The chief problems, leaving room for the huskily over-earnest Pierce Brosnan and the snoozing
cinematographer Haras Zambarloukos, are producer Judy Craymer, writer Catherine Johnson, and
director Phyllida Lloyd, the three Fates who mounted Mamma Mia!'s globetrotting stage
production and then reaped its considerable booty. Good for them, one tries to concede, for spotting
one of the few pop songbooks in existence that could survive even the most inept theatrical translation
to provide a reasonable evening's entertainment. Good for them for having the stalwart
resolve and the platinum-caliber agents that could block other creative masterminds from getting
their grasping hands on this golden hen.

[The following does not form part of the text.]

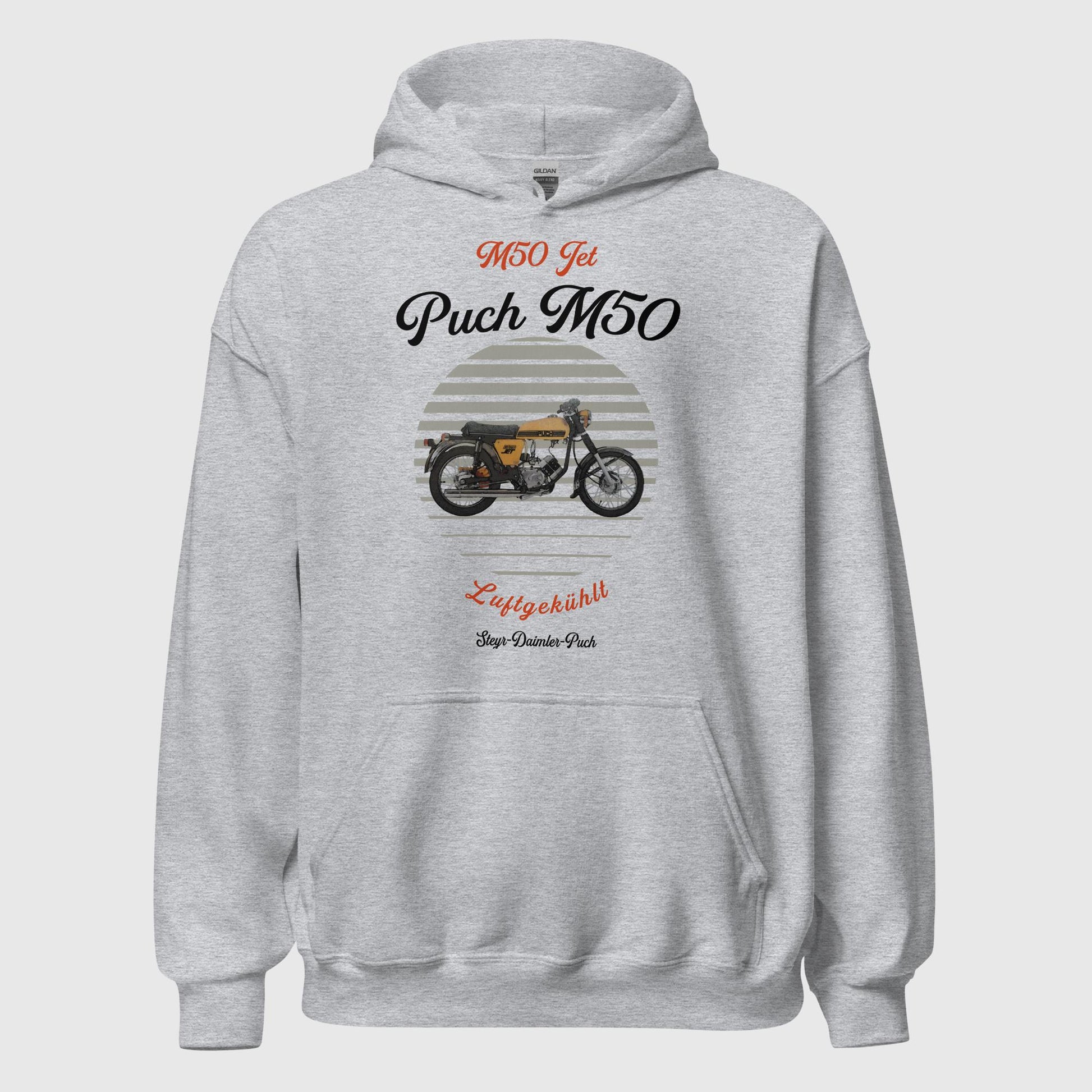Das Design des M50-Jet Retro-Moped-Hoodies ist geprägt von auffälligen Vintage-Grafiken, die das nostalgische Flair des M50-Jet-Mopeds einfangen. Mit seinem Retro-Aufdruck des Mopeds wird der Hoodie zum Blickfang und verleiht jedem Outfit einen individuellen Touch.

That no one is ever going to offer Phyllida Lloyd
a big payday to direct anything else, save perhaps a Vegas production of Tony 'n' Tina's
Wedding, is even more certain now that we've seen the movie than it was when she first signed
on that dotted, glittery line. Armed with a camera, a bedazzler, and an outlandishly
accommodating star, Lloyd has sallied forth and delivered what the DVD commentary will inevitably
sanctify as her "vision"something to do with magic-markering the ocean turquoise and
the air bright yellow, with reconfiguring Greece as a nation of pale white people, with
keeping a flubbed Baranski line and Streep's and Walters's giggly responses right in the
movie, and with occasionally interjecting some transitional footage culled straight from someone's
camera phone. In the midst of the lavish "Money, Money, Money" number, which sinks the
point of the song by demonstrating just how much money is at these women's disposal,
Streep appears in some half-lit Zapruder footage, hoisting a daiquiri glass right at the
camera. I assume she assumed this was part of the "Making of."

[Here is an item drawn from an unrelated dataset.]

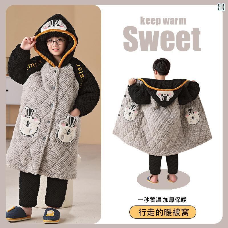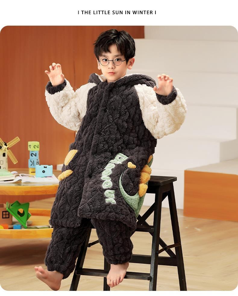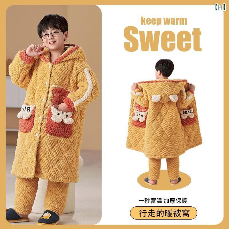 子供用 寝間着 男の子 冬用 フリース 厚手 三層 あったか バスローブ 男児 ロング丈 サンゴフリース 部屋着 パジャマ

But Mamma Mia! is such a ferocious mess that you stop giving the filmmakers any
credit, to include executive producers Tom Hanks and Rita Wilson, who must really have a
thing for Greek weddings. (Yes, I know, she's Greek.) This
forces me into an uncomfortable conclusion, having spent my entire life since high school doing
what no one in Hollywood trusts us to do deliberately, and scheduling my ticket-purchases
to offer the best-timed assistance to the least protected talent in Hollywoodwhich is to say,
women. I've made sure to see How Stella Got Her Groove Back
and Stepmom and Calendar Girls
and Stephanie Daley and A Thousand Acres
and Marie Antoinette
and Talk to Me on their opening weekends, and to save the blockbusters
for the middle of the week, so that dollars show up in the only column where the studio heads
are looking, which is the only way (I thought) to ensure that women directors and female
stars keep getting headlining work. And I'm thrilled to see a movie by, for, and starring
middle-aged women doing so well at the box-office. But after Sex
and the City and this, and with The Women spewing its aged-Chanel
odor down the hall in the multiplex, I have to confess that attending, much less trumpeting
these movies simply because they keep female talent in steady work is rather like voting for
Sarah Palin just because she buys tampons. Or, you know, like putting lipstick on a pig.

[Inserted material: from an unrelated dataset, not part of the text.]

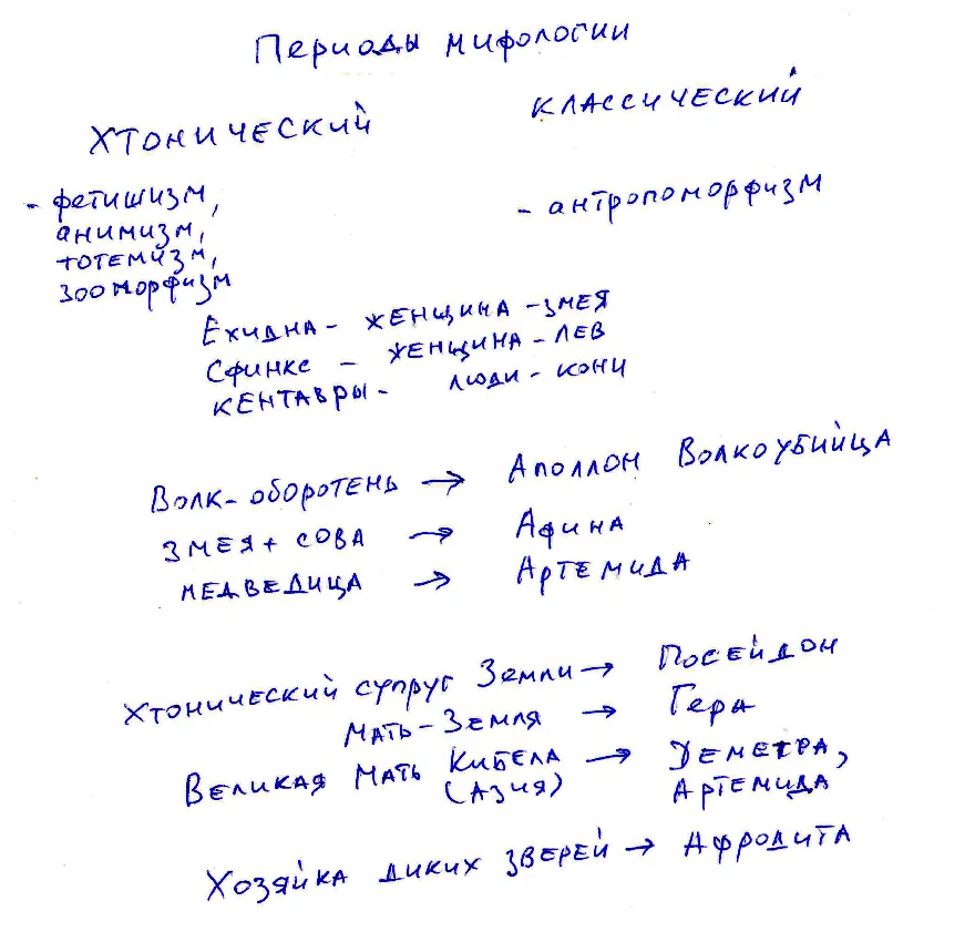 Итак, греческая мифология должна рассматриваться в своем развитии. А развитие ее, возможно, связано с ростом самосознания человека, с тем, что человек начинал лучше понимать природу и меньше ее бояться, к тому же он начал лучше понимать себя, что тоже немаловажно.

Or a pitbull. It is eminently unclear what is gained from watching as ditzy a property as Mamma Mia!
be safeguarded from the input of actual filmmakers; or from watching Meryl Streep grab
her crotch and growl out unscripted asides so as to verify her well-proven ability to be
"loose" on screen; or from hot-gluing a "plot" around a favorite jewel-box of songs, such
that the meanings of the songs are often abraded by surrounding circumstance, and their
delicate sentiments seem very close to canned.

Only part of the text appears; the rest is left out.